Écologie et mysticisme !
L’énergie que l’on est prêt à déployer pour défendre la faune et la flore est décuplée lorsque, à travers une sorte de cérémonie, on crée des liens avec elles, explique dans le Monde le dessinateur et chercheur en sciences cognitives Alessandro Pignocchi.
Entretien.
Alessandro Pignocchi, chercheur en sciences cognitives devenu bédéiste zadiste (puntish.blogspot.com), est l’auteur de La Recomposition des mondes (Seuil, 2019) et de trois tomes de la série Petit traité d’écologie sauvage (éditions Steinkis). A la ZAD, la « zone à défendre » de Notre-Dame-des-Landes, où les rituels ne sont pas absents, notamment lors des fêtes du solstice d’été, il anime une commission créée sur le sujet.
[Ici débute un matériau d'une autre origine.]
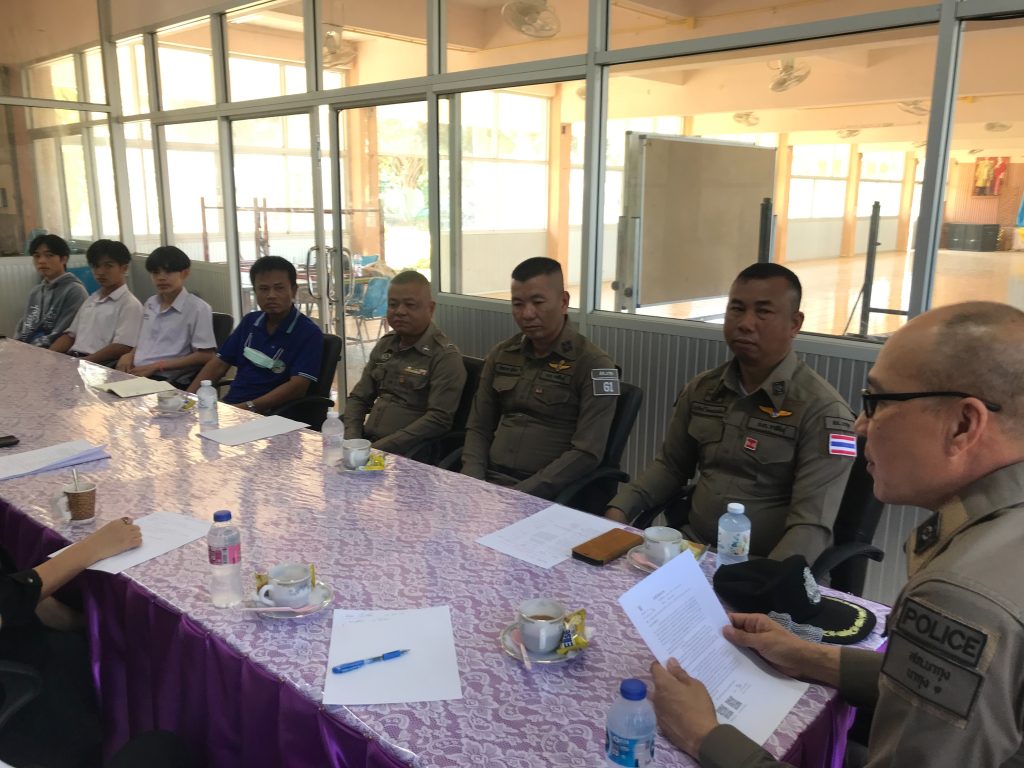 พร้อมด้วย พ.ต.ท.นวรัตน์ โคตรแสนเมือง สวป.สภ.นากุง , ร.ต.อ.ชัยณรงค์ ภูสีเขียว รอง สว.สส.ฯ , ร.ต.ต.ปริญญา ยิ่งยืน รอง สว(ป.)ฯ และ ด.ต.ศักดิ์ประสงค์ จันทะเจียง ผบ.หมู่(ป).ฯ ครูตำรวจแดร์ ( ตำรวจประสานโรงเรียน ) เข้าประชุมร่วมกับรองผู้อำนวยการโรงเรียนนาเชือกวิทยาคม , ครู 3 ฝ่าย (ครูฝ่ายปกครอง , ครูฝ่ายป้องกัน , ครูฝ่ายตรวจพิสูจน์ ) และตัวแทนนักเรียน เพื่อดำเนินการขับเคลื่อนตามโครงการ 1 ตำรวจ 1 โรงเรียน ณ โรงเรียนนาเชือกวิทยาคม ต.นาเชือก อ.ยางตลาด จ.กาฬสินธุ์ ประชาสัมพันธ์มาตรการป้องกันนักเรียนขับขี่รถเสียงดัง , ป้องกันการทะเลาะวิวาท , ป้องกันการเล่นพนันฯ , สื่อลามกอนาจาร , ร้านเกม , สถานบันเทิง , และปัจจัยเสี่ยงอื่นที่ตั้งอยู่ภายในและภายนอกโรงเรียน โดยเฉพาะปัญหายาเสพติดในโรงเรียน

Pour quelles raisons avez-vous souhaité inventer des rituels sur la ZAD de Notre-Dame-Des-Landes ?
Nos motivations sont multiples, mais l’une d’elles considère les rituels comme un outil essentiel pour accomplir la transformation cosmologique que tant de gens appellent aujourd’hui de leurs vœux. Celle-ci consiste, en simplifiant beaucoup, à se déplacer d’un monde où les plantes, les animaux et les milieux de vie sont considérés comme des objets que l’on protège ou exploite, vers un monde où ceux-ci sont des sujets avec lesquels on entretient des relations qui relèvent du registre du social.
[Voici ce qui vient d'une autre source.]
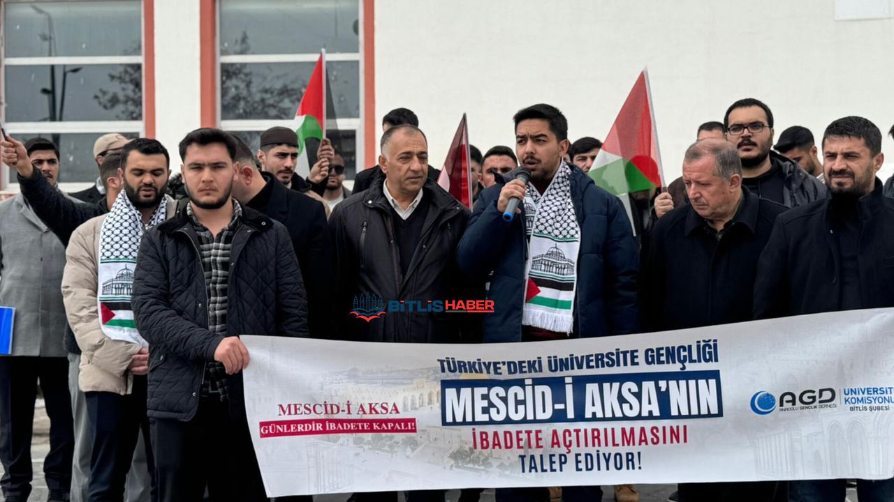"Bizler, Bitlis'ten tüm dünyaya ve haykırıyoruz: O kirli ellerinizi Aksa’nın üzerinden derhal çekin! Mescid-i Aksa derhal, hiçbir kısıtlama olmaksızın ibadete açılmalıdır! Müslümanların mukaddesatına yönelen bu kuşatma derhal son bulmalı, siyonist terörün bu alçak planları başlarına geçirilmelidir! Hiç kimse şunu unutmasın: Mescid-i Aksa yalnız değildir! Onu unutanlara, ona sırt çevirenlere ve o mübarek taşların yerinden oynamasına göz yumanlara inat, burada nöbet bekleyen bir gençlik vardır! Eğer bugün gereken irade ortaya konulmazsa; yarın dökülecek her damla kanın ve yıkılacak her duvarın vebali, susanların ve korkakça oyalananların boynunda kalacaktır. Bizler; susmayacağız, unutmayacağız ve bu kutsal kavgadan asla geri adım atmayacağız! Mescid-i Aksa tam anlamıyla özgür olana, o mübarek topraklar işgalcilerden temizlenene ve siyonistlerin yıkım hayalleri mezara gömülene dek mücadelemiz artarak sürecektir! İnanıyoruz ve biliyoruz ki; zafer sabredenlerindir; Kudüs yeniden özgür olacak, Mescid-i Aksa yeniden izzetin ve tevhidin kalesi haline gelecektir"
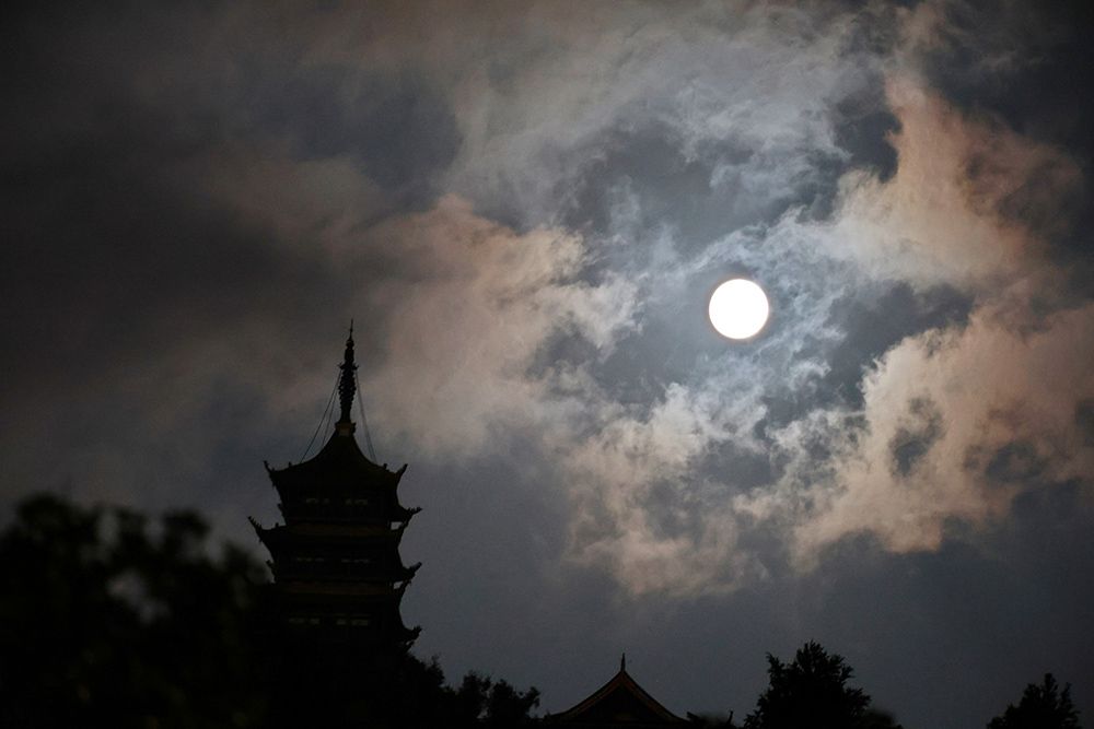 在中国江苏省狼山国家森林公园拍摄的月亮。(图片来源:中新社)
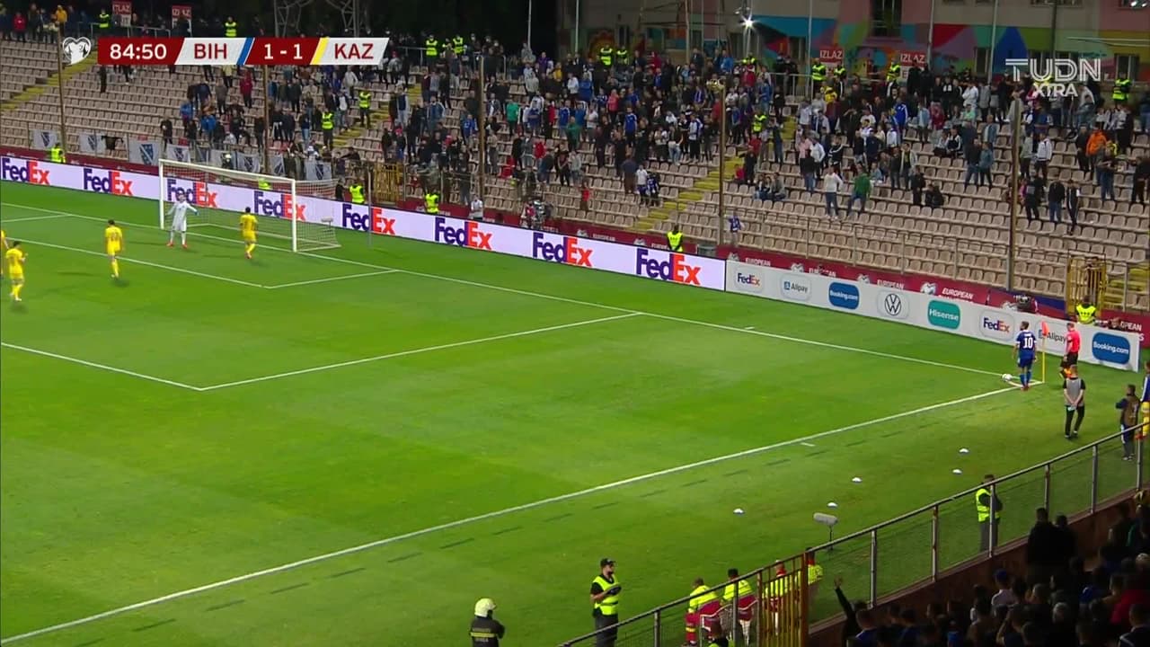 ¡Gooooool! Bosnia y Herzegovina 2, Kazajistán 1. Luka Menalo (Bosnia y Herzegovina) remate de cabeza desde el centro del área tras un saque de esquina.
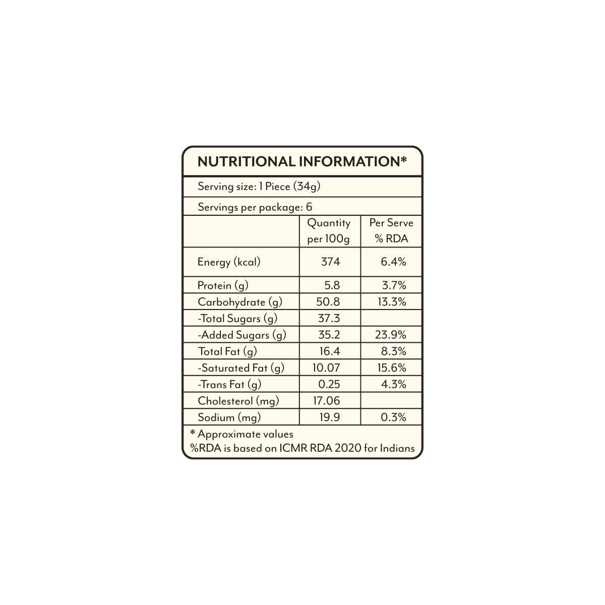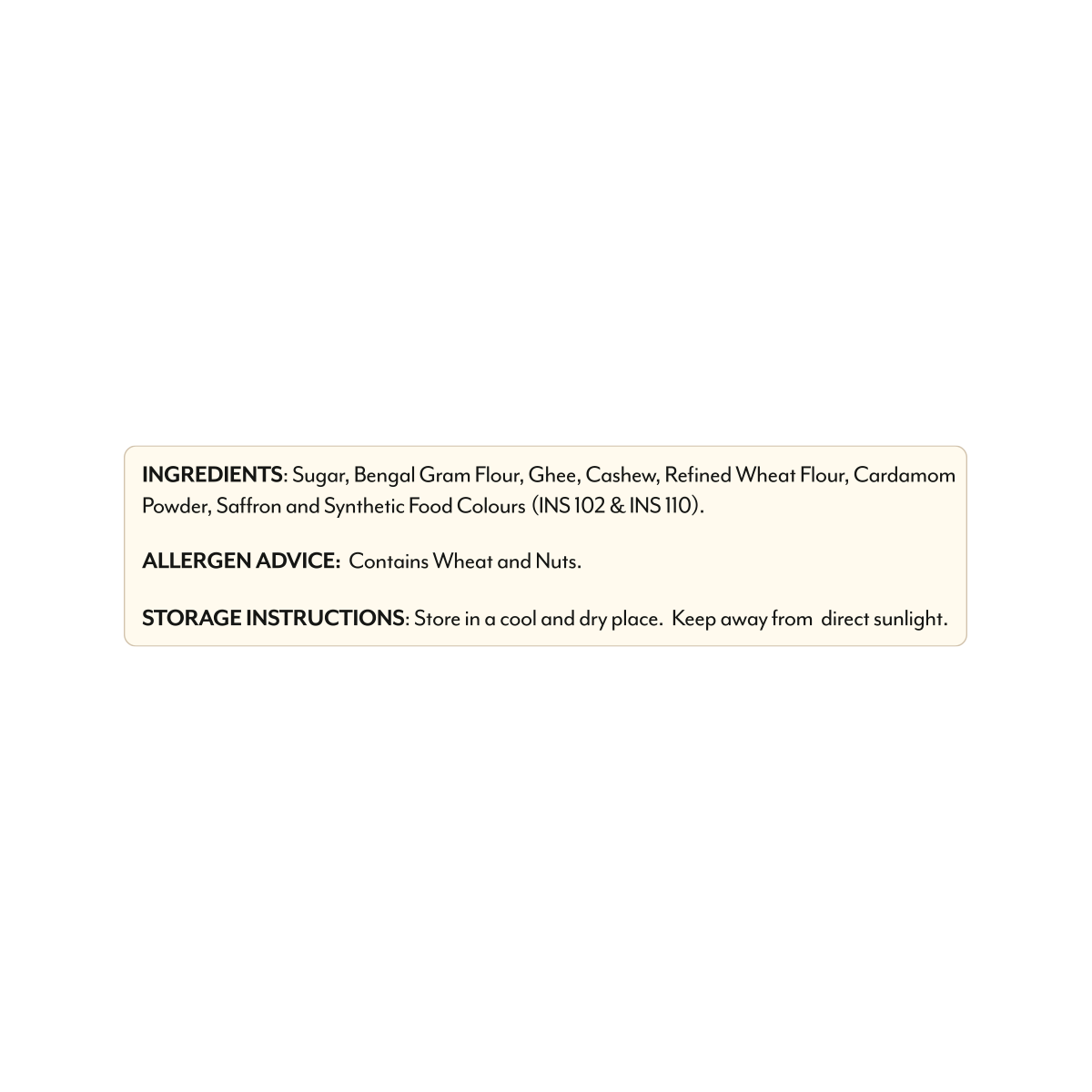 Bengal Gram Flour, Sugar, Ghee, Refined Wheat Flour, Cardamom Powder, Safron and Synthetic Food Colour (INS 102, INS 110).

Passer du temps à inventer collectivement un rituel au cours duquel, par exemple, on personnifie certains arbres de la forêt de Rohanne (Loire-Atlantique) – la forêt de la ZAD – renforce son statut de sujet. Loin d’une simple ressource de bois, elle devient une amie, un membre à part entière du collectif, et l’énergie que l’on sera prêt à déployer pour la défendre s’en trouve décuplée.
Ces cérémonies relèvent-elles d’une forme d’animisme ?
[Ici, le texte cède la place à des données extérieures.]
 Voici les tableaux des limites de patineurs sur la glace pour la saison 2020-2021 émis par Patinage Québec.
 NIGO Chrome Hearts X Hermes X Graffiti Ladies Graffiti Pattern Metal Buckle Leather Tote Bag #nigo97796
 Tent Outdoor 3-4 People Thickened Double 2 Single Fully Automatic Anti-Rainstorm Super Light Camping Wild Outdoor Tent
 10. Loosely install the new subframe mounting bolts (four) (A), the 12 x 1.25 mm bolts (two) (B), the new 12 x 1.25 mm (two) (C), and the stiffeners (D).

A partir du moment où l’on considère, comme c’est le cas sur la ZAD, qu’une forêt, une mare et un groupe de tritons ont des intérêts qui leur sont propres et qu’on en tient compte, on est davantage dans l’animisme que dans le naturalisme occidental. Mais aucun d’entre nous n’est animiste au sens où un Jivaro peut l’être. Les Jivaros considèrent que les plantes et les animaux ont une vie sociale semblable à celle des humains, avec leurs rituels, leurs shamans, et qu’ils viennent en parler avec les humains lors des rêves et des transes hallucinatoires. Lorsqu’on intègre des éléments de ce type dans nos rituels, c’est bien sûr avec humour et second degré.
La mise à distance de la cérémonie par l’humour n’empêche-t-elle pas de la vivre pleinement ?
Absolument pas, c’est ça qui est étonnant. Selon les anthropologues, beaucoup de rituels sont d’ailleurs accomplis avec une forme de second degré. C’est flagrant chez les Jivaros. Lorsque je suis chez eux et que je leur demande s’ils croient à ce qu’ils sont en train de faire, par exemple lors d’un rituel shamanique, ça les fait rire. Lors d’une pratique rituelle, même sur des sujets graves, ils peuvent paraître très sérieux à un instant donné, et en rire aux éclats l’instant d’après. Il ne s’agit pas de mettre des garde-fous par le biais de l’humour, mais plutôt de ne pas laisser le terrain du réenchantement du monde aux mystiques. Il n’est pas nécessaire d’adhérer à une forme ou une autre d’obscurantisme pour tendre vers des relations aux plantes, aux animaux et aux milieux de vie qui se colorent de toutes les nuances de la vie sociale. Les rituels sont un outil de lutte, parmi de nombreux autres, pour s’attaquer à la suprématie de la sphère économique et au rapport utilitaire au monde qu’elle impose.